Are any results that describe such a relationship? And if so, can we say anything for more general subgroups of $SL(2,\mathbb{R})$? (That is, for subgroups not necessarily contained in $SL(2,\mathbb{Z})$.) Specifically, I'm wondering about subgroups $G(\lambda) < SL(2,\mathbb{R})$ generated by the isometries $z \mapsto z +\lambda$ and $z \mapsto -1/z$, for $\lambda \in \mathbb{R}$.

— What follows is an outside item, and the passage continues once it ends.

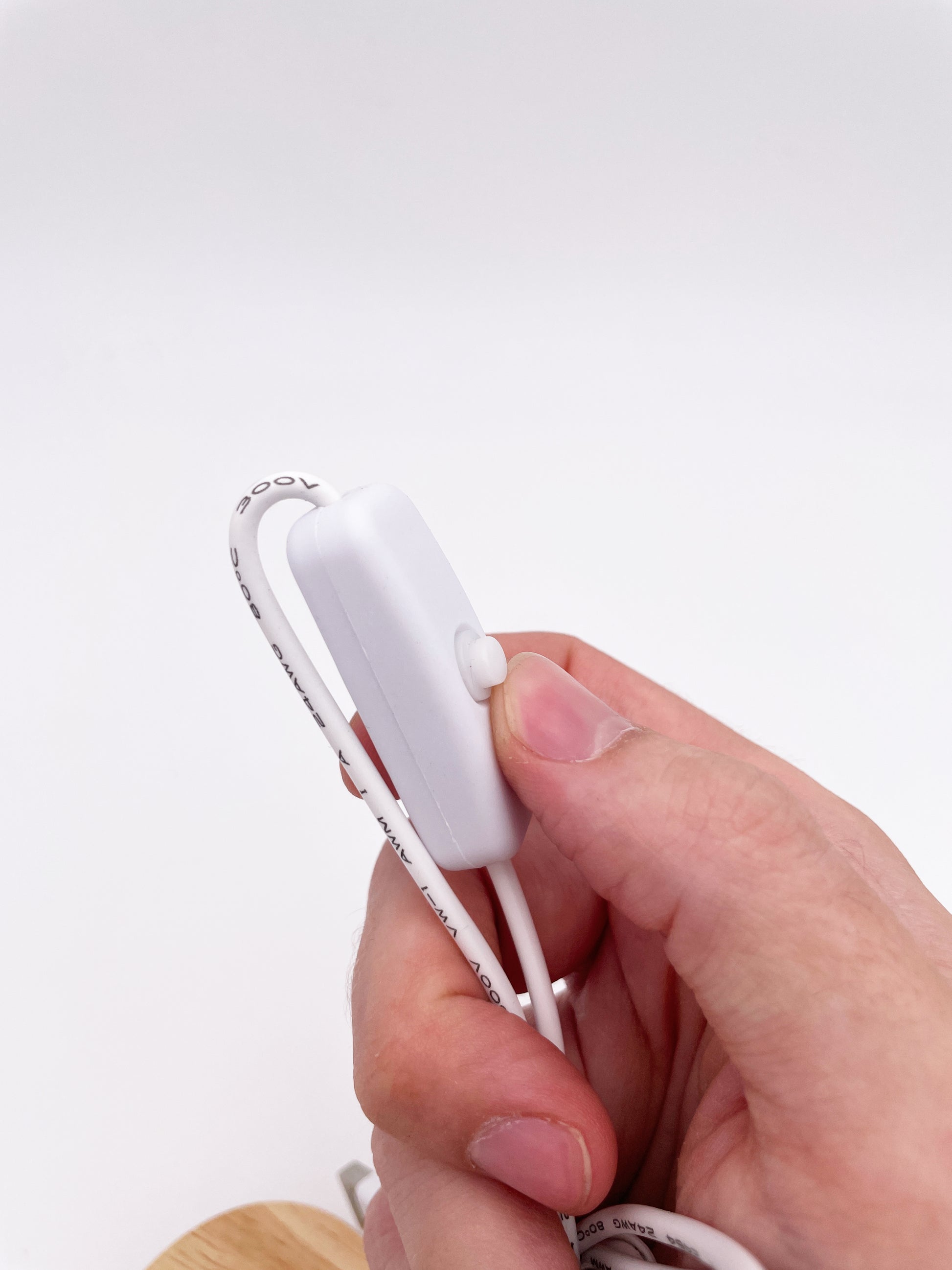 - La basetta è fornita di un cavo USB da collegare a qualsiasi porta o alimentatore USB, con interruttore per spegnere e accendere quando si vuole

Edit: @hunter has answered in the case where $\Gamma$ is a subgroup of $SL(2,\mathbb{Z})$. However, it is still not clear how this may generalize to subgroups of $SL(2,\mathbb{R})$.
In general given discrete subgroups $\Gamma_2 < \Gamma_1 < PSL(2,\mathbb{R}) = \text{Isom}(\mathbb{H}^2)$, there is an equation $$\text{Area}(\mathbb{H}^2 / \Gamma_2) = [\Gamma_1:\Gamma_2] \cdot \text{Area}(\mathbb{H}^2 / \Gamma_1) $$ So if $\text{Area}(\mathbb{H}^2 / \Gamma_1)$ is finite, as is the case when $\Gamma_1 = PSL(2,\mathbb{Z})$, then $\text{Area}(\mathbb{H}^2 / \Gamma_2)$ is finite if and only if $\Gamma_2$ has finite index in $\Gamma_1$. On the other hand if $\text{Area}(\mathbb{H}^2 / \Gamma_1)$ is infinite then $\text{Area}(\mathbb{H}^2 / \Gamma_2)$ is also infinite.
The reason for this equation is that the inclusion $\Gamma_2 < \Gamma_1$ induces an orbifold covering map (a branched covering map) from $\mathbb{H}^2 / \Gamma_2$ to $\mathbb{H}^2 / \Gamma_1$ of degree equal to the index $[\Gamma_1:\Gamma_2]$.